La Arrêt de la Chambre civile de la Cour suprême, nº 563/2018, de 10 Octobre, recueille le plus de la jurisprudence récente, indiquant ce qui suit:

"Dure 726/2016, de 12 Décembre, cité par le plus SSSS récents 222/2017, de 5 Avril, 542/2017, de 4 Octobre, et 323/2018 de 30 Mai, Il synthétise la jurisprudence relative à l'obligation de déclaration du risque réglementé dans l'art. 10 LCS comme un devoir de répondre ou de répondre à demander à l'assureur, sur lequel tombent les conséquences découlant de la soumission d'un questionnaire incomplet, ambiguë ou générique.

(...) La jurisprudence a précisé que « le preneur d'assurance ne peut justifier le manquement à l'obligation par le simple fait que le questionnaire a été rempli par le personnel de l'assureur ou entité agissant pour le compte de cette, car ce qui importe vraiment est que, par remblayés, on peut conclure que n'a pas été demandé à la police d'assurance pour que les informations pertinentes '.

En conséquence, l'allégation selon laquelle le questionnaire a été rempli par un employé du prêteur, intervention limitée par l'assuré à sa signature, hypothèse rend la question et empêche violé la doctrine considérer que le respect est invoquée, qui seraient violés que si elles donnent par certains faits qui n'ont pas été déclarés prouvé. En ce sens, régnèrent les STS 674/2014 [sic], de 4 Décembre, d'enfreindre la règle selon laquelle la doctrine de STS 31 Mai 1997, également cité par le demandeur maintenant, parce qu'il avait été renvoyé aux cas où « non connu du titulaire de l'assurance avait été effectivement demandé et avait été au courant des questions dans le questionnaire ».

(...) est jurisprudence constante que le questionnaire de l'art se réfère. 10 LCS ne doit pas être d'une forme particulière qui doit dépendre de son efficacité (SSSS 726/2016, de 12 Décembre, et 222/2017, de 5 Avril.

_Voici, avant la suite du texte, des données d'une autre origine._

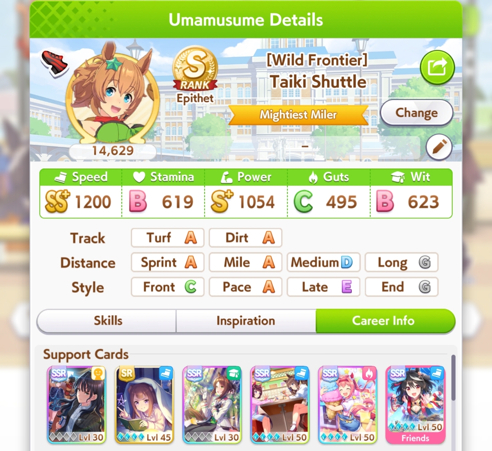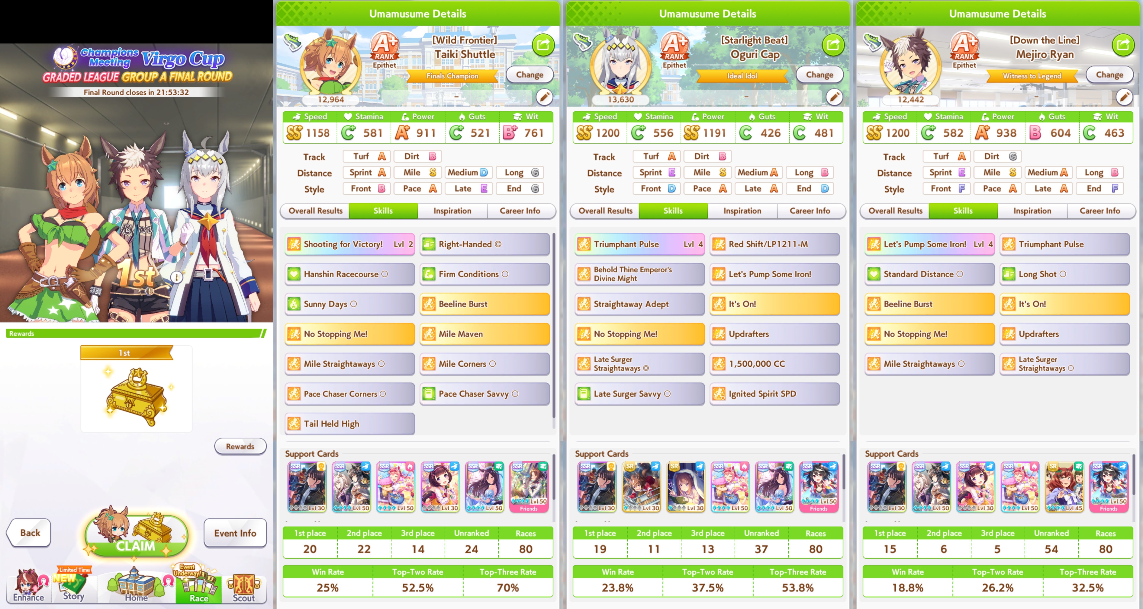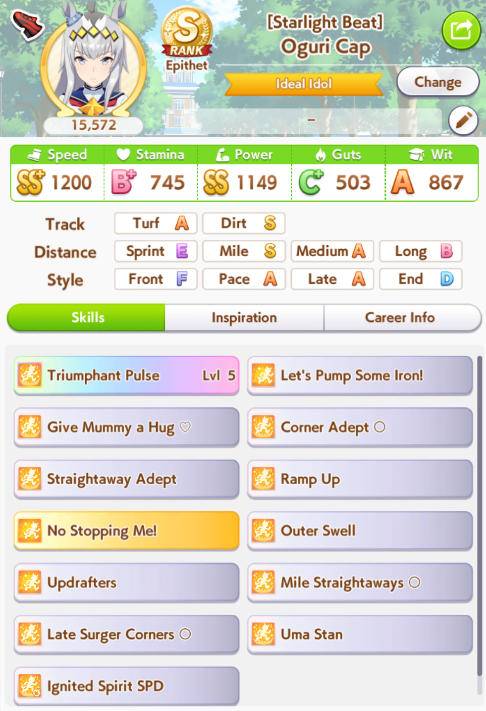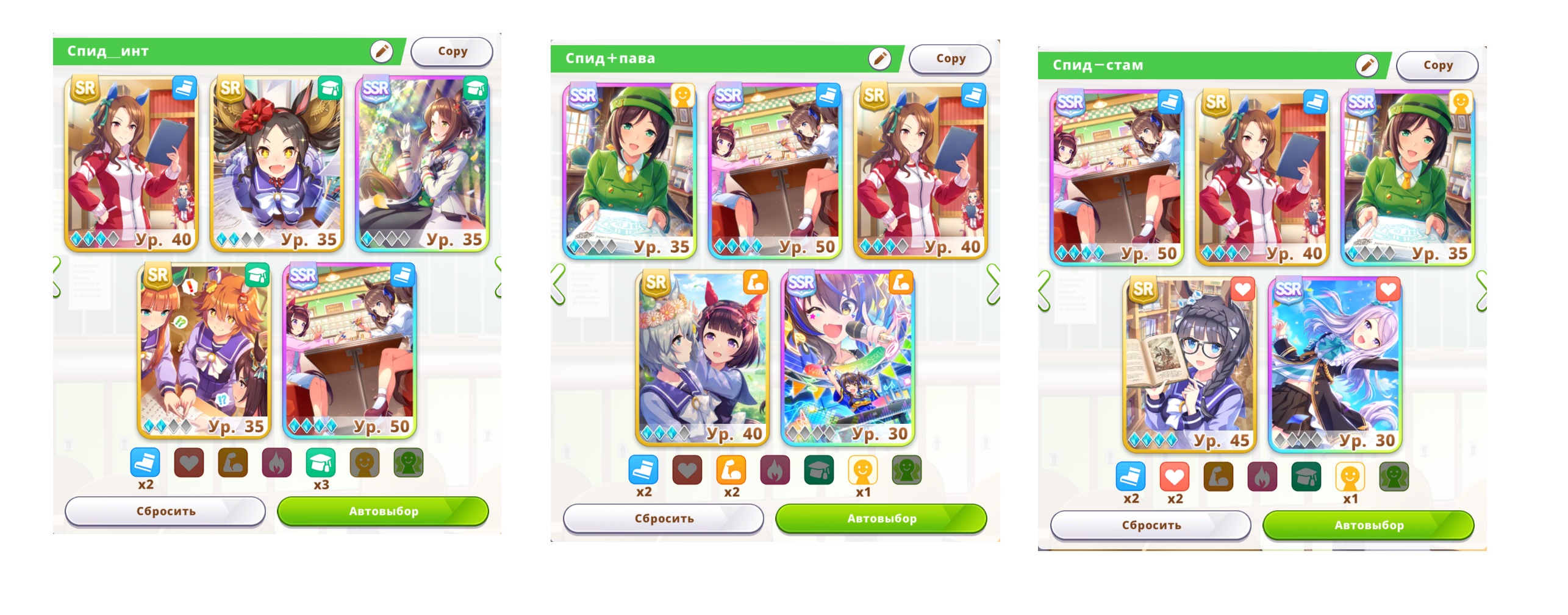 По сути сделал только пэйс Огурю хоть на что-то похожую А+ и то чисто потому что она по дефолту идёт. С Пасой нихрена по сути не получилось, есть варианты на 1150 спида 900 павера и 600 вит, но прямо чето очень такое себе и по скилам почти ничего. И дефолтная Урара полудебаффер на 1100 спида. Пробовал Голд Щичу покачать но она - зараза не тренится совсем, планирую еще маяну если и с ней не пойдёт то даже и идти не с чем будет. Как-то ни к одному турику так тяжко не шло.

(...) Il a nié l'existence de la dissimulation en cas de questionnaires (ou de santé) trop générique ou ambiguë, avec des questions sur la santé globale de l'assuré si stéréotypé qui ne permettait pas l'assuré se rapportent à la maladie causant la perte après (Parmi les plus récentes, SSSS 157/2016, de 16 Mars, 222/2017, de 5 Avril, et ledit 323/2018.

STS 157 / 2016apreció une clause Stéréotype sur la santé globale de l'assuré dont les questions importantes ne sont pas inclus pour la détermination du risque couvert. Spécifiquement, aucune réponse a été demandé sur les maladies pertinentes comme la souffrance du cancer.

Dans la même veine, STS 222 / 2017consideró le fait que le preneur d'assurance sans antécédent de souffrance manifeste de la psychose bien avant qu'il était impossible de conclure cacher des données de santé pertinentes pour l'évaluation des risques, « Parce qu'il n'a pas été demandé spécifiquement de savoir si la maladie ou la souffrance avaient souffert ou d'une pathologie à l'incidence sur votre santé mentale (seulement il a fait allusion à des pathologies cardiaques de type, respiratoire, oncologique, circulatoire, infectieux, du système digestif ou endocrinien -diabetes-) ou si vous souffrez d'une maladie chronique, la poursuite du traitement, elle pouvait raisonnablement liée à cette histoire de maladie mentale qui a finalement conduit à l'incapacité ".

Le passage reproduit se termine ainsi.